As part of prospective, randomized, controlled clinical trials, the treatment group received standard CXL, and the sham control group received only riboflavin ophthalmic solution. The primary efficacy criterion was maximum keratometry (Kmax) 1 year after CXL. Secondary outcomes were corrected distance visual acuity (CDVA) and uncorrected distance visual acuity (UDVA). Safety and adverse events were analyzed. In single-center substudies, corneal topography, ocular aberrations, corneal haze measurements, corneal thickness, corneal biomechanics, subjective visual function, and outcomes predictors were also investigated. This paper presents a general review of the design and outcomes of crosslinking in these studies.

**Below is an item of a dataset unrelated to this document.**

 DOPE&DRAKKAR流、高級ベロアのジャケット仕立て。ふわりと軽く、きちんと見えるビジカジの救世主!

In the crosslinking treatment group, Kmax flattened by 1.6 diopters (D) and 0.7 D in eyes with keratoconus and ectasia, respectively. In both studies, there was continued progression in the control group. The CDVA improved by an average of 5.7 logMAR letters (LL) in the keratoconus treatment group and by 5.0 LL in the ectasia group. In both studies, corneal haze was the most frequently reported crosslinking-related adverse finding. This was most prominent at 1 month and generally returned to baseline between 3 and 12 months. In general, corneal topography, ocular aberrations, and subjective visual function improved after crosslinking.

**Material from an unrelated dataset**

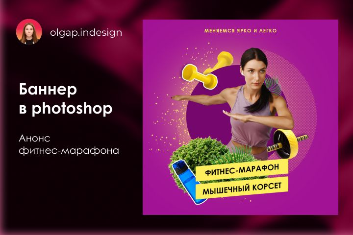 Баннер в photoshop "Фитнес-марафон"

In the US multicenter trials, CXL was shown to be safe and effective in stabilizing Kmax, CDVA, and UDVA in eyes with progressive keratoconus or corneal ectasia.
Corneal crosslinking was originally developed in the laboratory at the University of Dresden in the late 1990s. The combination of ultraviolet-A light and riboflavin was found to be the most effective of a number of different modalities tested to increase the biomechanical strength of the cornea. The clinical study design for the US multicenter clinical trials of crosslinking demonstrated the safety and effectiveness of this technique for treatment of progressive keratoconus and corneal ectasia, bringing this important advancement to patients in the United States.